### Information shown

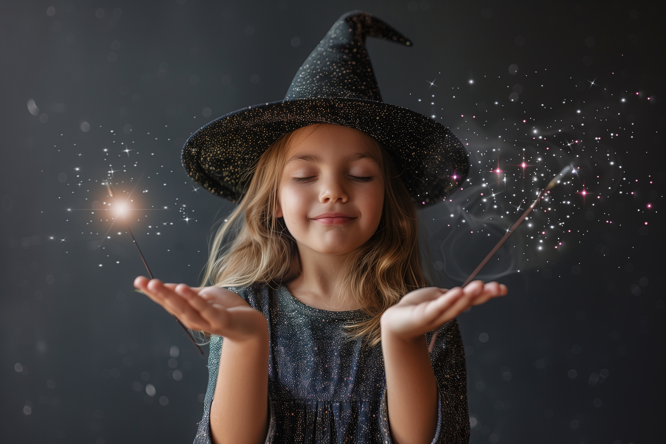 Das Bild zeigt ein Mädchen in einem glitzernden Hexenkostüm, das mit geschlossenen Augen seine Hände ausstreckt, als würde es zauberhafte Magie herbeibeschwören. Die Szenerie ist in ein stimmungsvolles Dunkel getaucht, das durch funkelnde Sterne und Glitzerpartikel erhellt wird. Das Kind versprüht eine geheimnisvolle, fantasievolle Ausstrahlung, die den Betrachter in eine Welt der Wunder und Wünsche entführt.
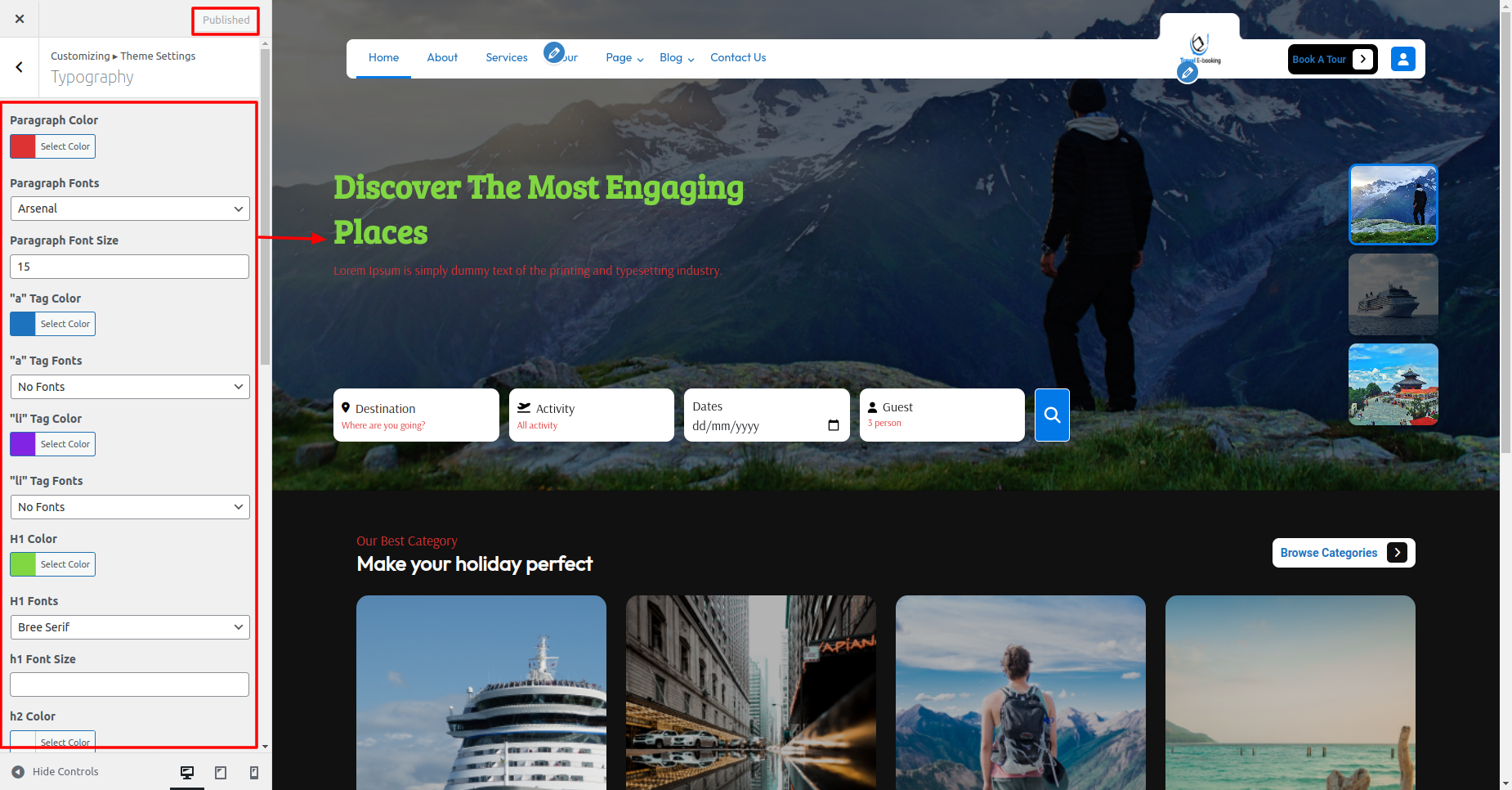 2. Fonts: Here you can change the Font Family of all Paragraph, 'a' tag, 'li' tag, H1, H2, H3, H4, H5 and H6 respectively.
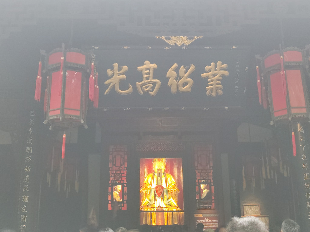 接下来是刘备殿,“业绍高光”的匾额寓意深远,“绍”是继承的意思,“高”指汉高祖刘邦,“光”指东汉第一个皇帝光武帝刘秀。匾额通过“绍”字表达了刘备继承刘邦和刘秀帝业的意愿,强调了蜀汉政权与两汉王朝的一脉相承,是对蜀汉正统地位的宣扬。匾额由清朝时期成都将军兼署四川总督完颜崇实亲自撰写。关羽殿的匾额为“义薄云天”,“义”为儒家倡导的“五常”美德之一,在我国漫长的历史中,关羽是公认的“义”的最高典范和楷模。张飞殿的匾额为“诚贯金石”,诚者,信也,为儒家倡导的“五常”美德之一。张飞的各种美德中,诚特别突出,是我国古代“诚”的楷模。
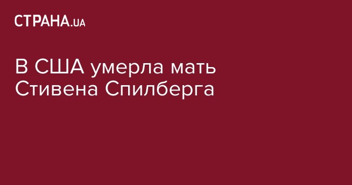 В Лос-Анджелесе умерла мать знаменитого голливудского режиссера Стивена Спилберга - Лия Адлер. Об этом сообщает издание Hollywood reporter.

### To do
Reproduce the listing exactly. Leave its pictures out.

### Answer box
 Das Bild zeigt ein Mädchen in einem glitzernden Hexenkostüm, das mit geschlossenen Augen seine Hände ausstreckt, als würde es zauberhafte Magie herbeibeschwören. Die Szenerie ist in ein stimmungsvolles Dunkel getaucht, das durch funkelnde Sterne und Glitzerpartikel erhellt wird. Das Kind versprüht eine geheimnisvolle, fantasievolle Ausstrahlung, die den Betrachter in eine Welt der Wunder und Wünsche entführt.
 2. Fonts: Here you can change the Font Family of all Paragraph, 'a' tag, 'li' tag, H1, H2, H3, H4, H5 and H6 respectively.
 接下来是刘备殿,“业绍高光”的匾额寓意深远,“绍”是继承的意思,“高”指汉高祖刘邦,“光”指东汉第一个皇帝光武帝刘秀。匾额通过“绍”字表达了刘备继承刘邦和刘秀帝业的意愿,强调了蜀汉政权与两汉王朝的一脉相承,是对蜀汉正统地位的宣扬。匾额由清朝时期成都将军兼署四川总督完颜崇实亲自撰写。关羽殿的匾额为“义薄云天”,“义”为儒家倡导的“五常”美德之一,在我国漫长的历史中,关羽是公认的“义”的最高典范和楷模。张飞殿的匾额为“诚贯金石”,诚者,信也,为儒家倡导的“五常”美德之一。张飞的各种美德中,诚特别突出,是我国古代“诚”的楷模。
 В Лос-Анджелесе умерла мать знаменитого голливудского режиссера Стивена Спилберга - Лия Адлер. Об этом сообщает издание Hollywood reporter.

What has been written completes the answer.